Segment Start: Data to examine

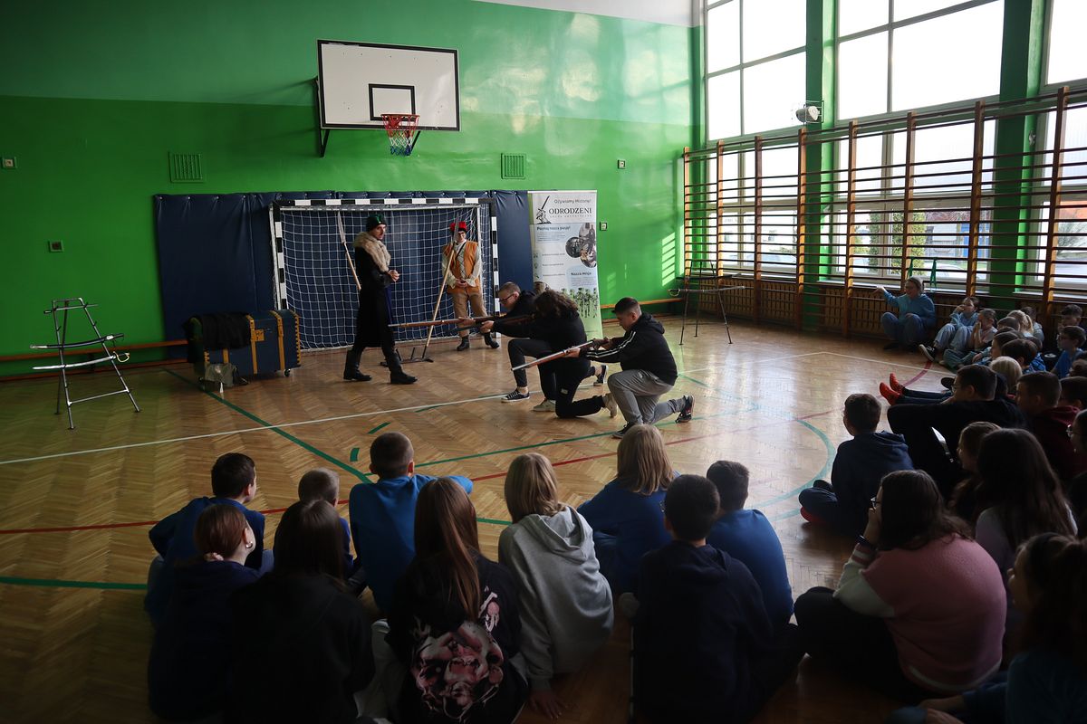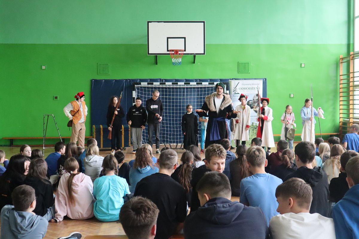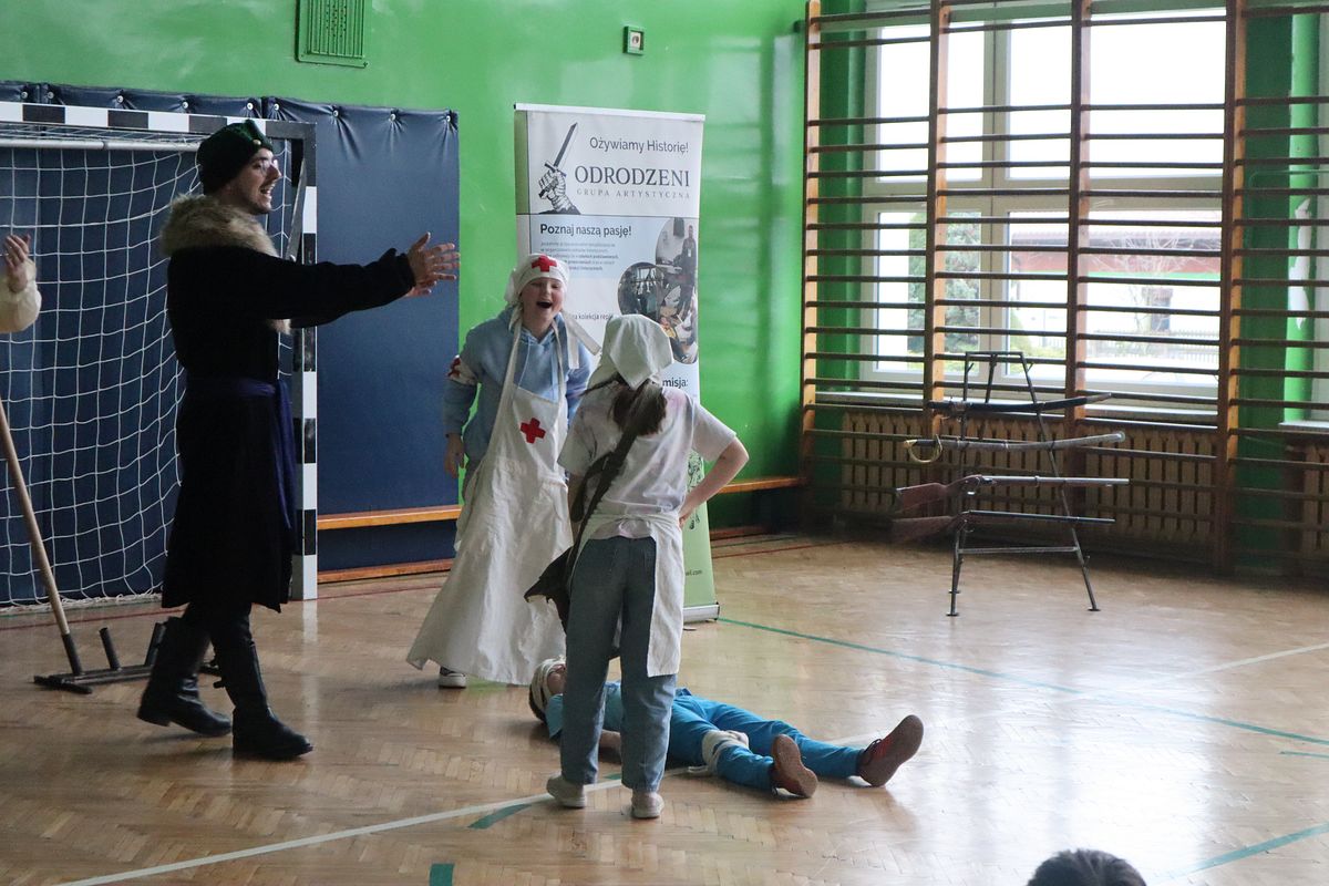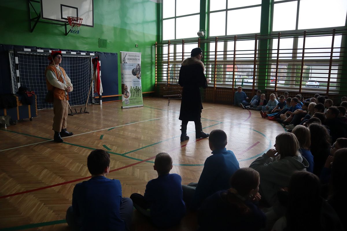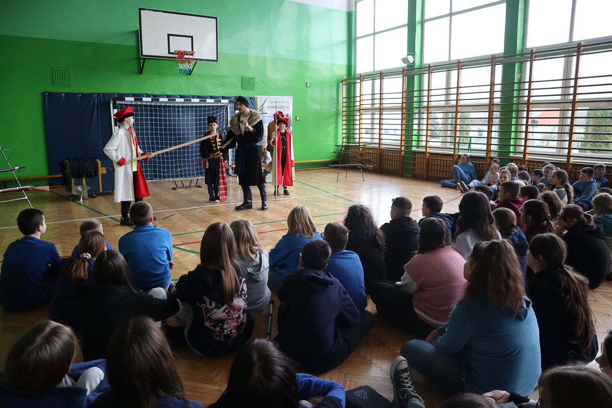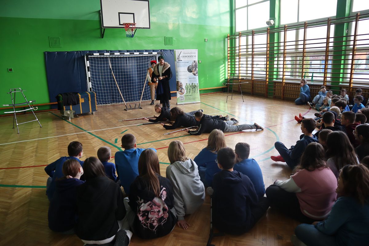 Uczniowie klas 4-8 chętnie wzięli udział w widowisku historycznym przygotowanym przez grupę artystyczną „Odrodzeni". Prowadzący przypominali o przyczynach rozbiorów Rzeczypospolitej i utracie przez nasze państwo niepodległości w XVIII wieku. Przywołane zostały postacie bohaterów narodowych: Tadeusza Kościuszki, Jana Henryka Dąbrowskiego i Piotra Wysockiego. „Żywa lekcja historii” w interesujący sposób nakreśliła wydarzenia związane z Insurekcją Kościuszkowską, utworzeniem Legionów Polskich we Włoszech i Powstaniem Listopadowym. Można było zobaczyć repliki sprzętu bojowego i wyposażenia powstańców oraz stroje z epoki walki narodowowyzwoleńczych. Dzięki temu spotkaniu nasi uczniowie mogli lepiej zrozumieć sytuację Polaków pod zaborami i ich pragnienie wolności.
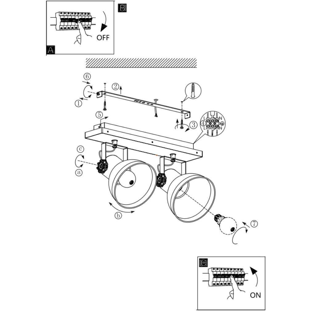Spotul Barnstaple Eglo 49649 are două socluri E27 care pot fi echipate cu surse de lumină înlocuibile. Lampa are un finisaj antic gri și un stil vintage și este realizată dintr-o combinație de oțel și lemn. Produsul are protecție IP20, fiind potrivit pentru utilizare în interior. Lungimea totală a lămpii este de 475 mm, lățimea este de 90 mm, iar greutatea este de 2,3 kg. Sursa de lumină nu este inclusă, iar lampa nu este reglabilă. Produsul este fabricat de EGLO, iar codul său logistic este 49649.
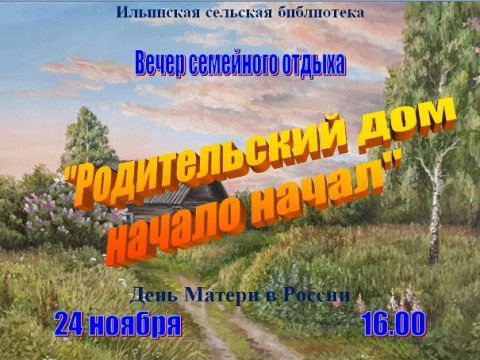24 ноября в 16-00 Ильинская сельская библиотека Приглашает на вечер семейного отдыха.
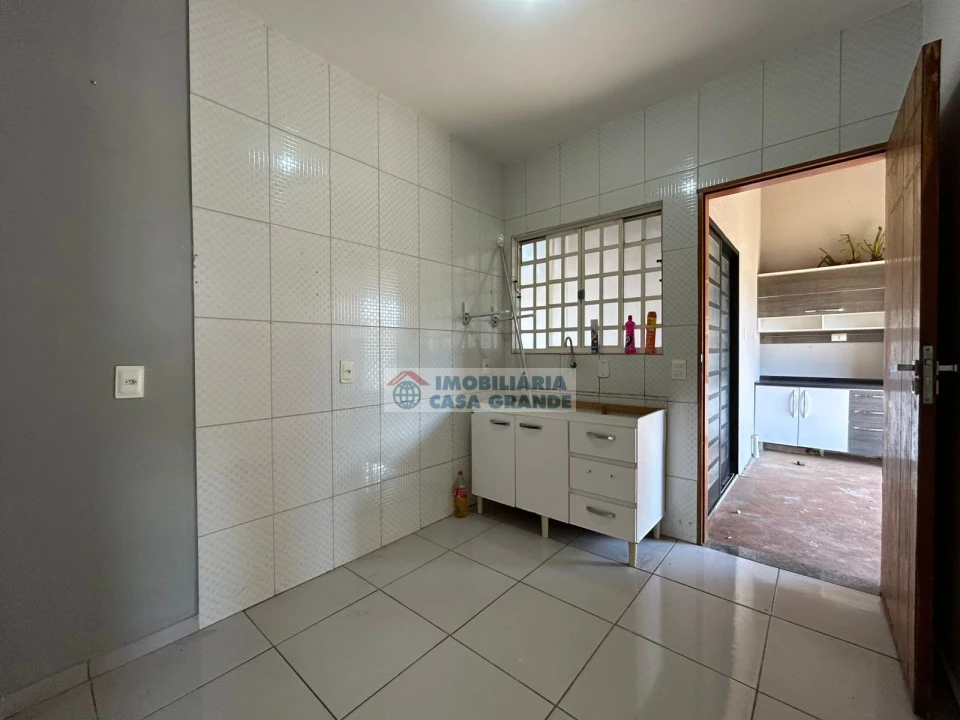 Residência em alvenaria com 275 m² de terreno e 78 m² de construção, 02 quartos, sala, cozinha, banheiro, lavanderia, espaço nos fundos e garagem.
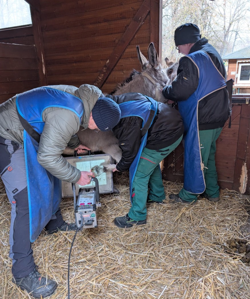 Foto: Das Röntgen des erkrankten Hufes ist für Eselin Lilly schmerzfrei. Dank des mobilen Röntgengeräts kann der Verlauf der Hufrehe in dem betroffenen Fuß genauestens verfolgt werden.
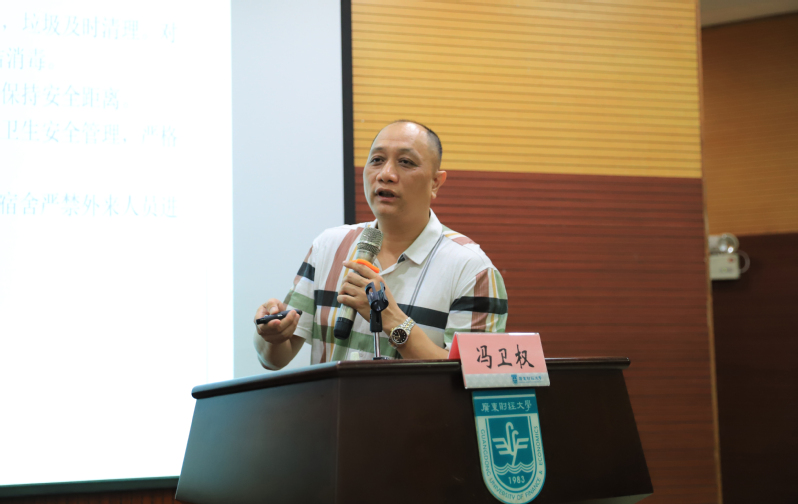 冯卫权分享了获得“共和国勋章”的钟南山院士及其他“人民英雄”为国抗疫的感人事迹,详细讲解了新冠肺炎及疫苗基础知识。他介绍了新冠肺炎的判断标准、临床表现、传播途径、有无症状感染者等分型标准;他重点详细讲解了新冠肺炎疫情防控策略,重点介绍了个人居家及公共场所防控手段。他强调,预防要从严格佩戴口罩、勤洗手做起,校区要做好教室等公共场所通风、学生错峰就餐、严格食品卫生检查、做好其他传染病预防等防控工作,加强学生监管、做好防控应急预案,进一步完善校区师生员工分级别、分类型、整体协同的防控网络。冯卫权还分享了其他学校的疫情防控经验。
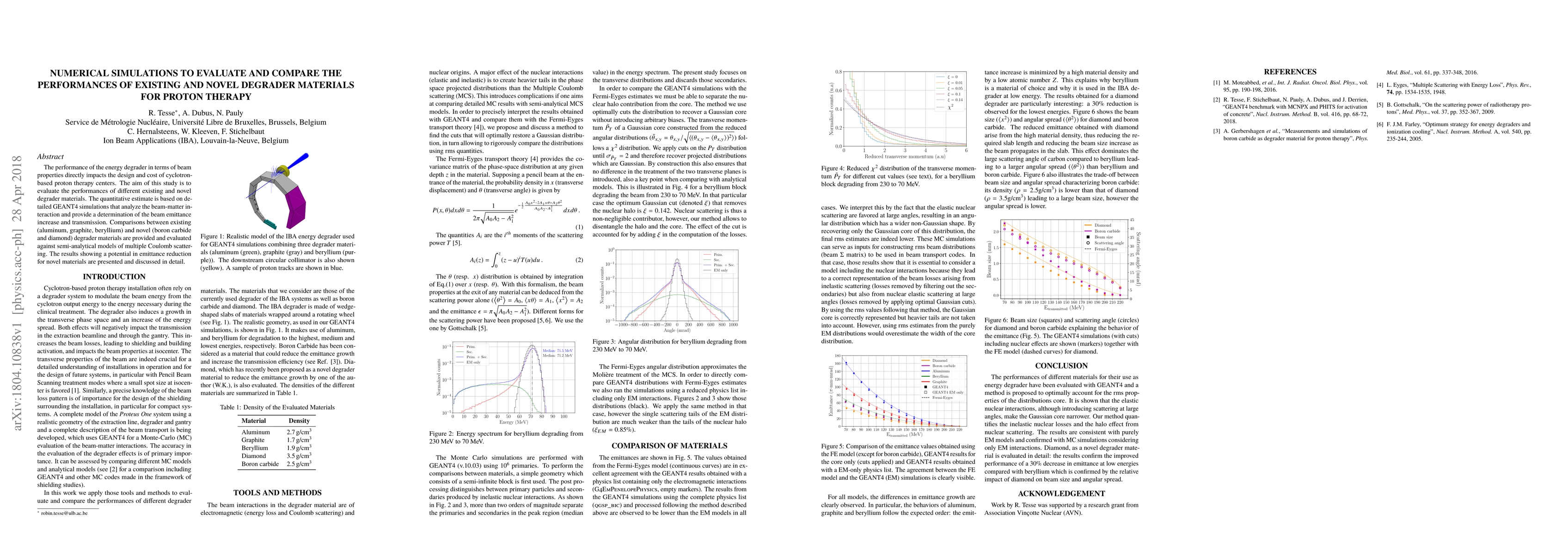 The performance of the energy degrader in terms of beam properties directly impacts the design and cost of cyclotron-based proton therapy centers. The aim of this study is to evaluate the performances of different existing and novel degrader materials. The quantitative estimate is based on detailed GEANT4 simulations that analyze the beam-matter interaction and provide a determination of the beam emittance increase and transmission. Comparisons between existing (aluminum, graphite, beryllium) and novel (boron carbide and diamond) degrader materials are provided and evaluated against semi-analytical models of multiple Coulomb scattering. The results showing a potential in emittance reduction for novel materials are presented and discussed in detail.

Segment End: Data to examine

§ **Problem details**
Without any pictures, transcribe the listing above exactly as written.

§ **Expected output**
 Uczniowie klas 4-8 chętnie wzięli udział w widowisku historycznym przygotowanym przez grupę artystyczną „Odrodzeni". Prowadzący przypominali o przyczynach rozbiorów Rzeczypospolitej i utracie przez nasze państwo niepodległości w XVIII wieku. Przywołane zostały postacie bohaterów narodowych: Tadeusza Kościuszki, Jana Henryka Dąbrowskiego i Piotra Wysockiego. „Żywa lekcja historii” w interesujący sposób nakreśliła wydarzenia związane z Insurekcją Kościuszkowską, utworzeniem Legionów Polskich we Włoszech i Powstaniem Listopadowym. Można było zobaczyć repliki sprzętu bojowego i wyposażenia powstańców oraz stroje z epoki walki narodowowyzwoleńczych. Dzięki temu spotkaniu nasi uczniowie mogli lepiej zrozumieć sytuację Polaków pod zaborami i ich pragnienie wolności.
Spotul Barnstaple Eglo 49649 are două socluri E27 care pot fi echipate cu surse de lumină înlocuibile. Lampa are un finisaj antic gri și un stil vintage și este realizată dintr-o combinație de oțel și lemn. Produsul are protecție IP20, fiind potrivit pentru utilizare în interior. Lungimea totală a lămpii este de 475 mm, lățimea este de 90 mm, iar greutatea este de 2,3 kg. Sursa de lumină nu este inclusă, iar lampa nu este reglabilă. Produsul este fabricat de EGLO, iar codul său logistic este 49649.
24 ноября в 16-00 Ильинская сельская библиотека Приглашает на вечер семейного отдыха.
 Residência em alvenaria com 275 m² de terreno e 78 m² de construção, 02 quartos, sala, cozinha, banheiro, lavanderia, espaço nos fundos e garagem.
 Foto: Das Röntgen des erkrankten Hufes ist für Eselin Lilly schmerzfrei. Dank des mobilen Röntgengeräts kann der Verlauf der Hufrehe in dem betroffenen Fuß genauestens verfolgt werden.
 冯卫权分享了获得“共和国勋章”的钟南山院士及其他“人民英雄”为国抗疫的感人事迹,详细讲解了新冠肺炎及疫苗基础知识。他介绍了新冠肺炎的判断标准、临床表现、传播途径、有无症状感染者等分型标准;他重点详细讲解了新冠肺炎疫情防控策略,重点介绍了个人居家及公共场所防控手段。他强调,预防要从严格佩戴口罩、勤洗手做起,校区要做好教室等公共场所通风、学生错峰就餐、严格食品卫生检查、做好其他传染病预防等防控工作,加强学生监管、做好防控应急预案,进一步完善校区师生员工分级别、分类型、整体协同的防控网络。冯卫权还分享了其他学校的疫情防控经验。
 The performance of the energy degrader in terms of beam properties directly impacts the design and cost of cyclotron-based proton therapy centers. The aim of this study is to evaluate the performances of different existing and novel degrader materials. The quantitative estimate is based on detailed GEANT4 simulations that analyze the beam-matter interaction and provide a determination of the beam emittance increase and transmission. Comparisons between existing (aluminum, graphite, beryllium) and novel (boron carbide and diamond) degrader materials are provided and evaluated against semi-analytical models of multiple Coulomb scattering. The results showing a potential in emittance reduction for novel materials are presented and discussed in detail.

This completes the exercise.